* **PROBLEM TO WORK ON**: Repeat the entries exactly but omit the pictures.

========

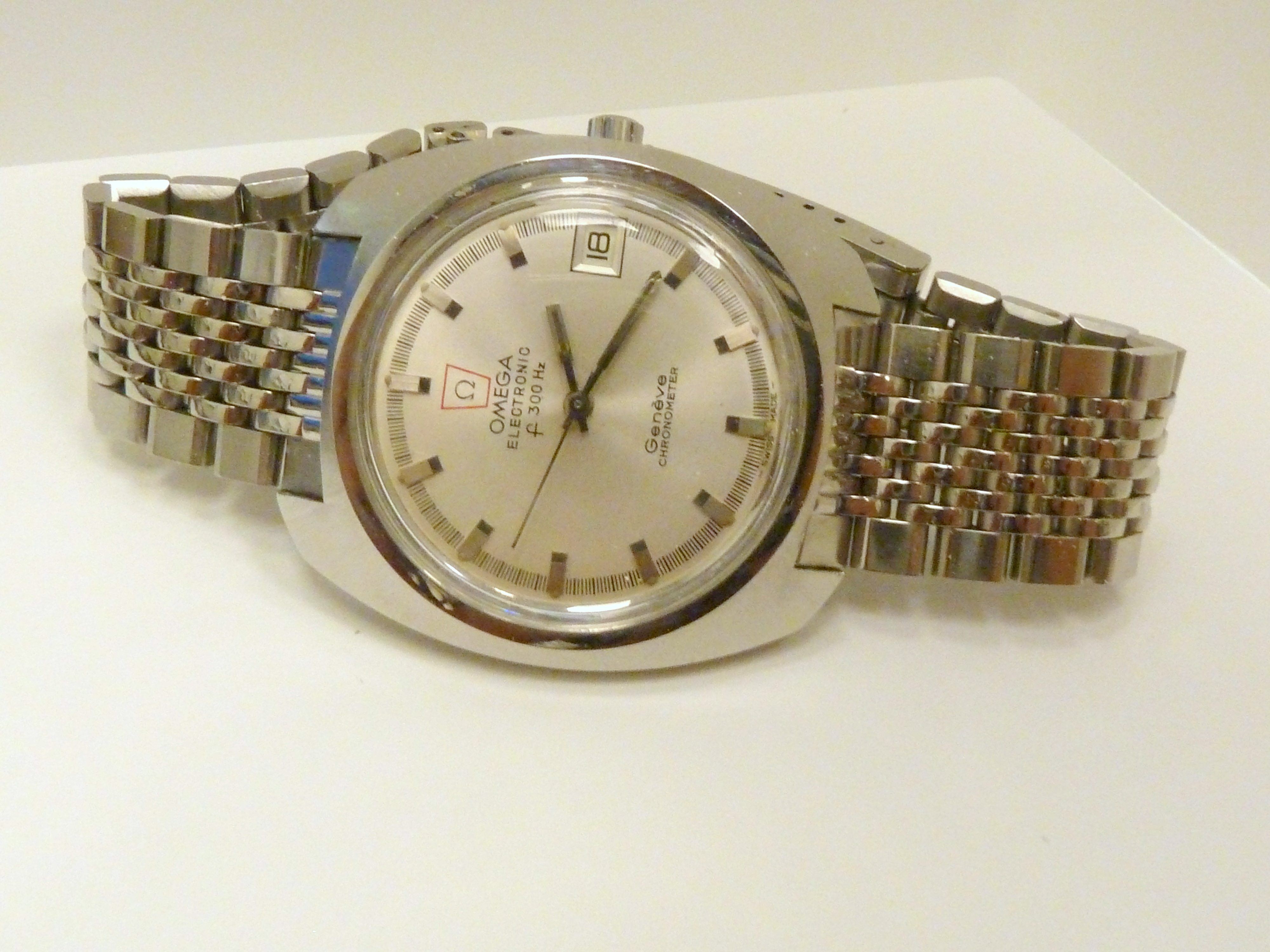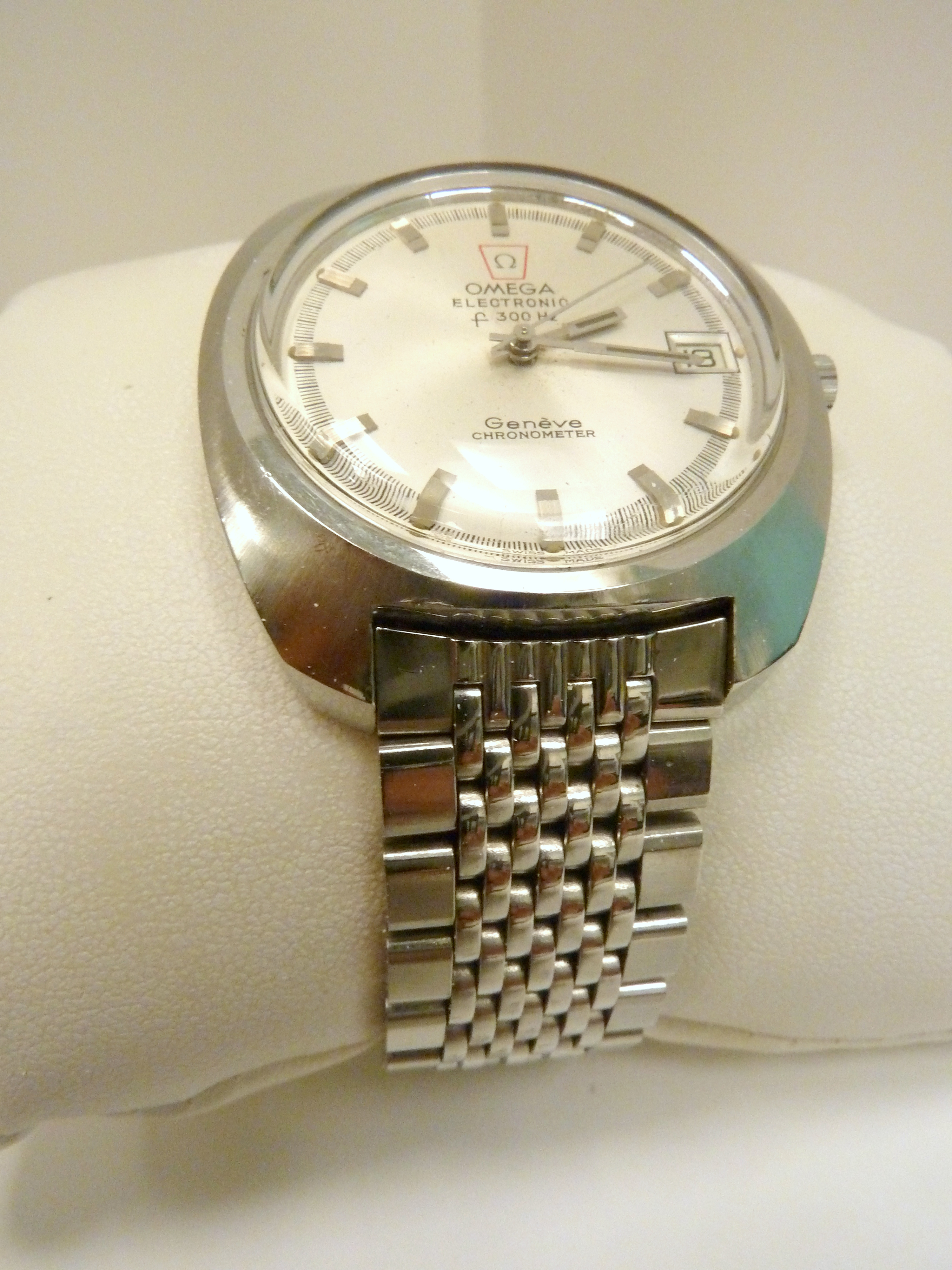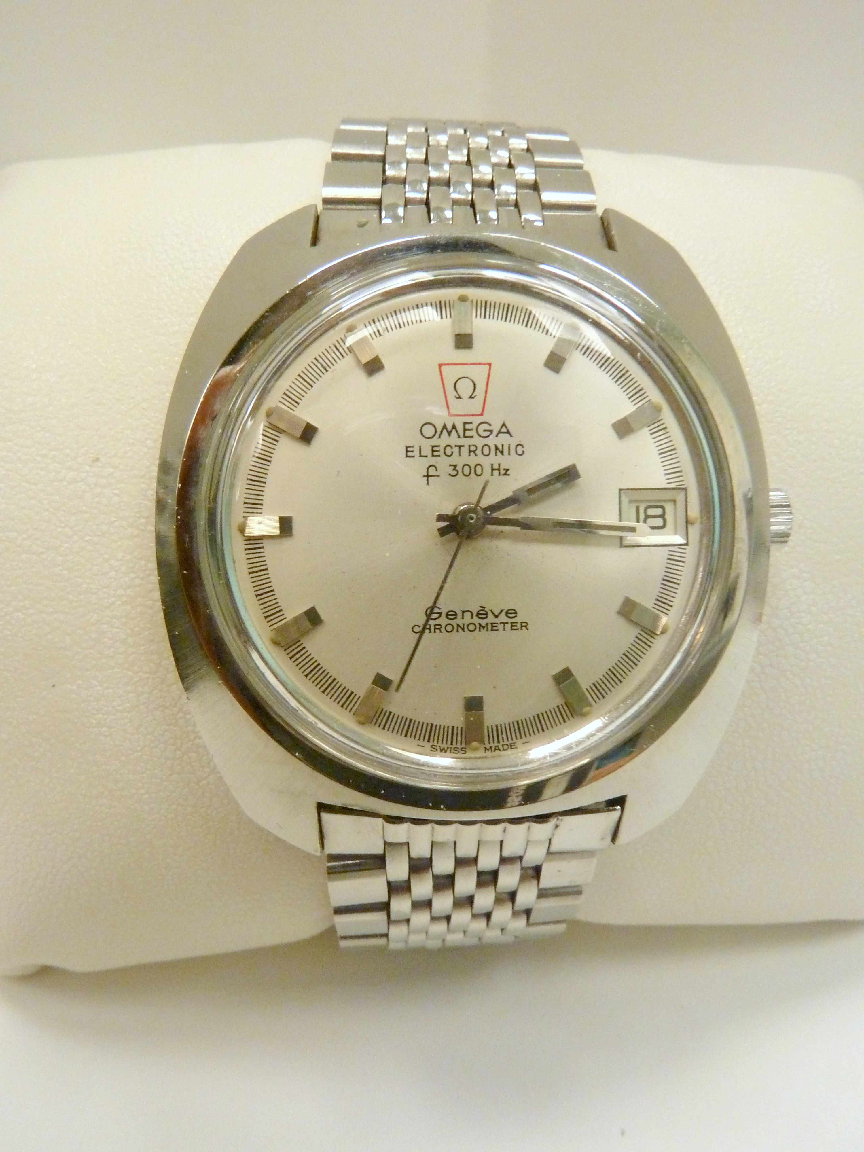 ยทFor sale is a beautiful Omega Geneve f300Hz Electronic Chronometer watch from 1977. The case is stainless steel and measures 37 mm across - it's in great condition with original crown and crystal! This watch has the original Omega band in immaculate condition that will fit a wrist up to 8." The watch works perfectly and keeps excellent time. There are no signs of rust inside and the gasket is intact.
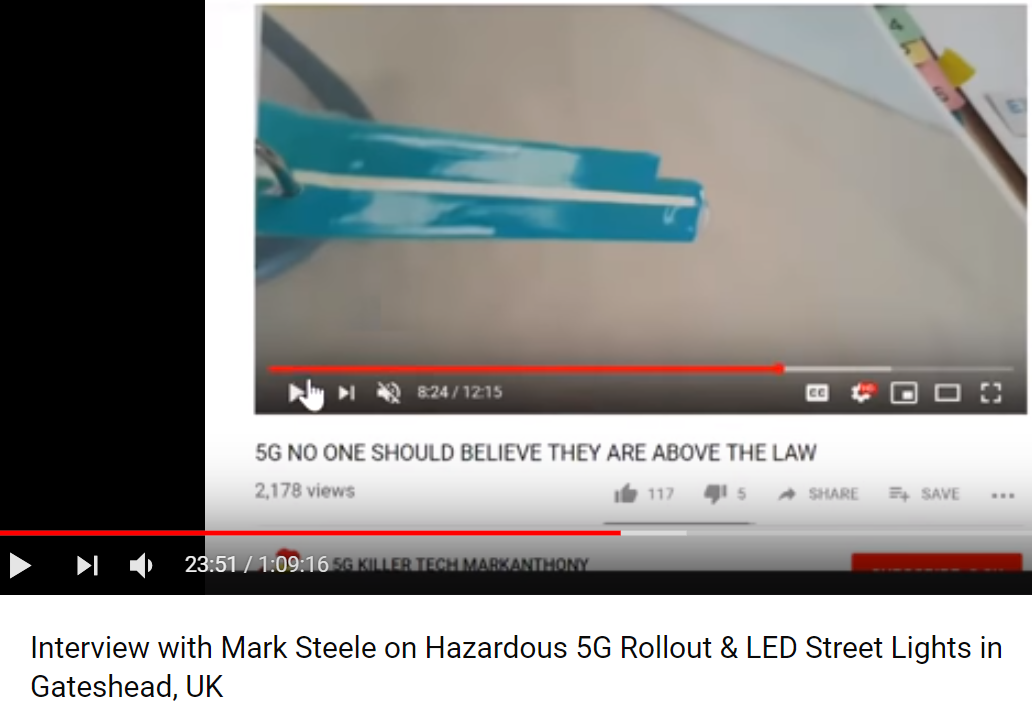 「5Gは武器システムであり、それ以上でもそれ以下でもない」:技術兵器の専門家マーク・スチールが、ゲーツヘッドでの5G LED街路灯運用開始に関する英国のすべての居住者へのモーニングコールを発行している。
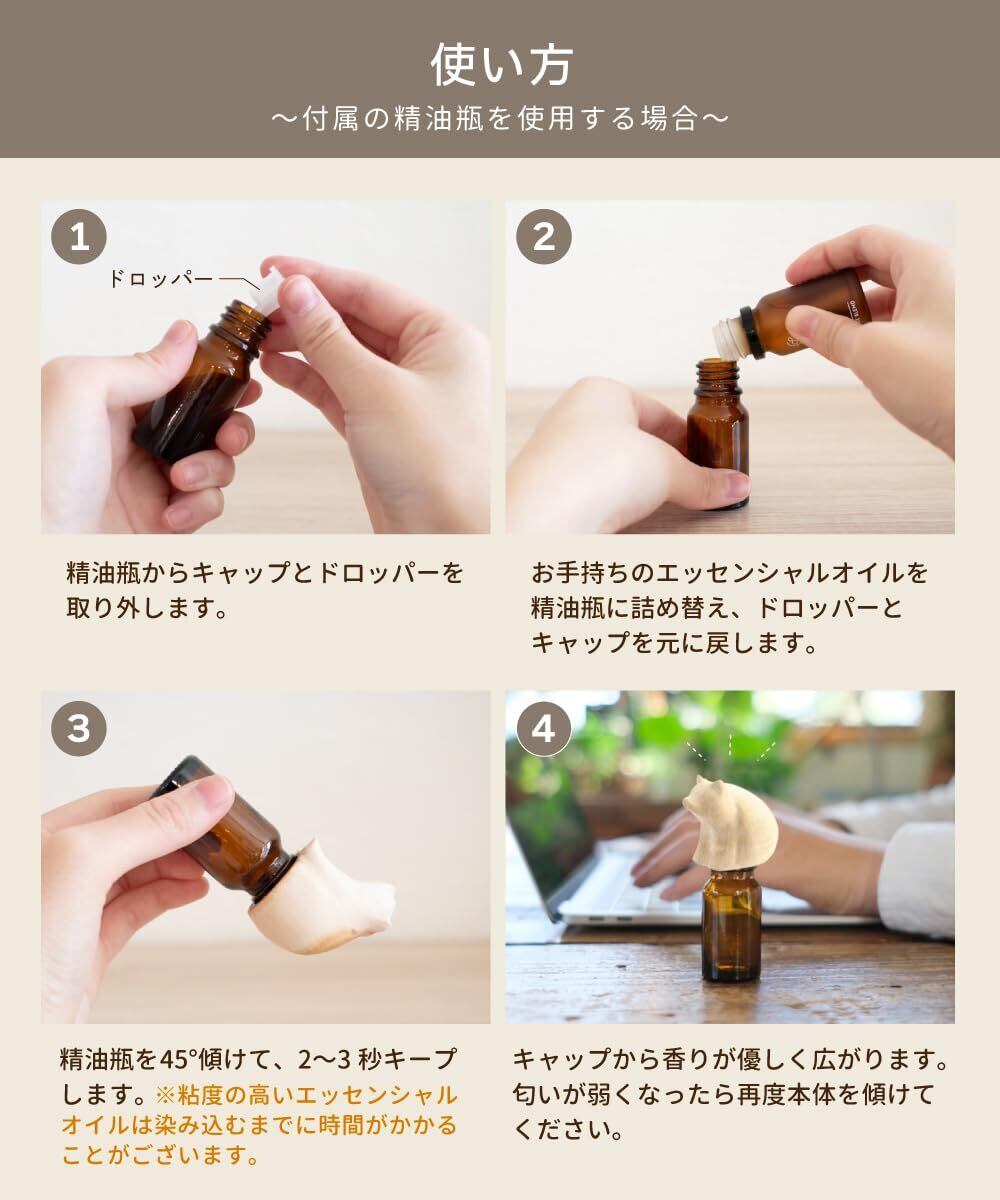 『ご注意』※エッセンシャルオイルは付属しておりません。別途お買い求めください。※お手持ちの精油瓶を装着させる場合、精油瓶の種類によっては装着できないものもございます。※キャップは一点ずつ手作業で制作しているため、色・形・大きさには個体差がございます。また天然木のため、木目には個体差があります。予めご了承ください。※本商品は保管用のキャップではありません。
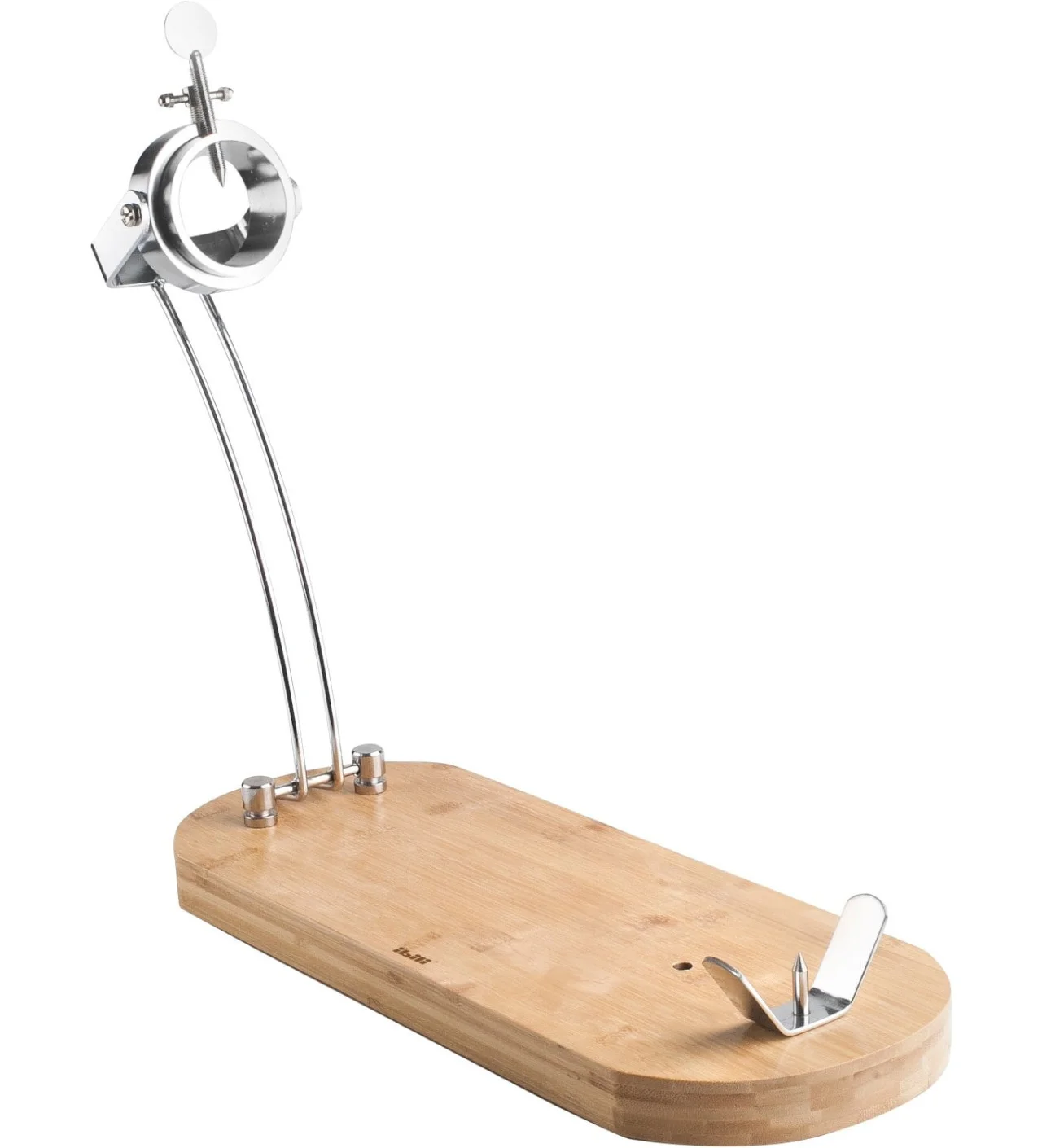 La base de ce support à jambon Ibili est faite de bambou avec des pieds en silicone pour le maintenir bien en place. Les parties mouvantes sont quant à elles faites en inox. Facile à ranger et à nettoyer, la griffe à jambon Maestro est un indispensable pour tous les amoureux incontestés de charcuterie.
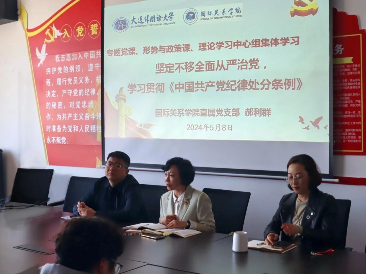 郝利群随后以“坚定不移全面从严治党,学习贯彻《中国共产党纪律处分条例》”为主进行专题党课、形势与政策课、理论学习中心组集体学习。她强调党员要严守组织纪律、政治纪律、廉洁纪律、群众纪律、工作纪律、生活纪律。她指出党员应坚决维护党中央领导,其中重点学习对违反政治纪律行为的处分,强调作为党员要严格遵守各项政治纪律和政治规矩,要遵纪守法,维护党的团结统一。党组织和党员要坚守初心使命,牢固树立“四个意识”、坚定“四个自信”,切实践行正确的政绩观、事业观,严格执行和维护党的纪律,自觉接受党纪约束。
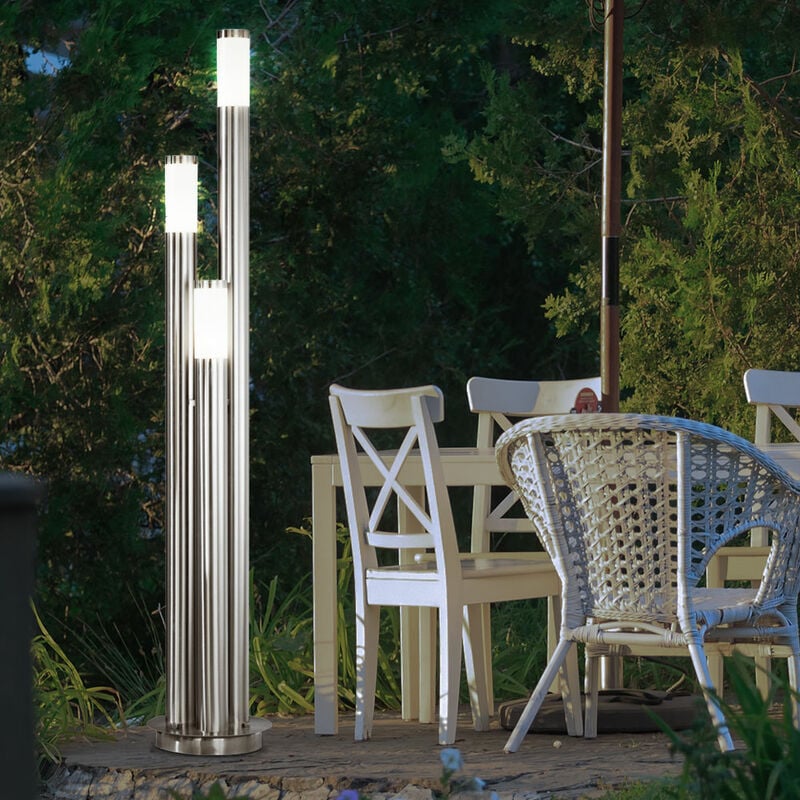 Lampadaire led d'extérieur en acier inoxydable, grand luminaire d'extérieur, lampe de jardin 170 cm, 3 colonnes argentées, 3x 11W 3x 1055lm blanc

========

* **WRITTEN SOLUTION**:
 ยทFor sale is a beautiful Omega Geneve f300Hz Electronic Chronometer watch from 1977. The case is stainless steel and measures 37 mm across - it's in great condition with original crown and crystal! This watch has the original Omega band in immaculate condition that will fit a wrist up to 8." The watch works perfectly and keeps excellent time. There are no signs of rust inside and the gasket is intact.
 「5Gは武器システムであり、それ以上でもそれ以下でもない」:技術兵器の専門家マーク・スチールが、ゲーツヘッドでの5G LED街路灯運用開始に関する英国のすべての居住者へのモーニングコールを発行している。
 『ご注意』※エッセンシャルオイルは付属しておりません。別途お買い求めください。※お手持ちの精油瓶を装着させる場合、精油瓶の種類によっては装着できないものもございます。※キャップは一点ずつ手作業で制作しているため、色・形・大きさには個体差がございます。また天然木のため、木目には個体差があります。予めご了承ください。※本商品は保管用のキャップではありません。
 La base de ce support à jambon Ibili est faite de bambou avec des pieds en silicone pour le maintenir bien en place. Les parties mouvantes sont quant à elles faites en inox. Facile à ranger et à nettoyer, la griffe à jambon Maestro est un indispensable pour tous les amoureux incontestés de charcuterie.
 郝利群随后以“坚定不移全面从严治党,学习贯彻《中国共产党纪律处分条例》”为主进行专题党课、形势与政策课、理论学习中心组集体学习。她强调党员要严守组织纪律、政治纪律、廉洁纪律、群众纪律、工作纪律、生活纪律。她指出党员应坚决维护党中央领导,其中重点学习对违反政治纪律行为的处分,强调作为党员要严格遵守各项政治纪律和政治规矩,要遵纪守法,维护党的团结统一。党组织和党员要坚守初心使命,牢固树立“四个意识”、坚定“四个自信”,切实践行正确的政绩观、事业观,严格执行和维护党的纪律,自觉接受党纪约束。
 Lampadaire led d'extérieur en acier inoxydable, grand luminaire d'extérieur, lampe de jardin 170 cm, 3 colonnes argentées, 3x 11W 3x 1055lm blanc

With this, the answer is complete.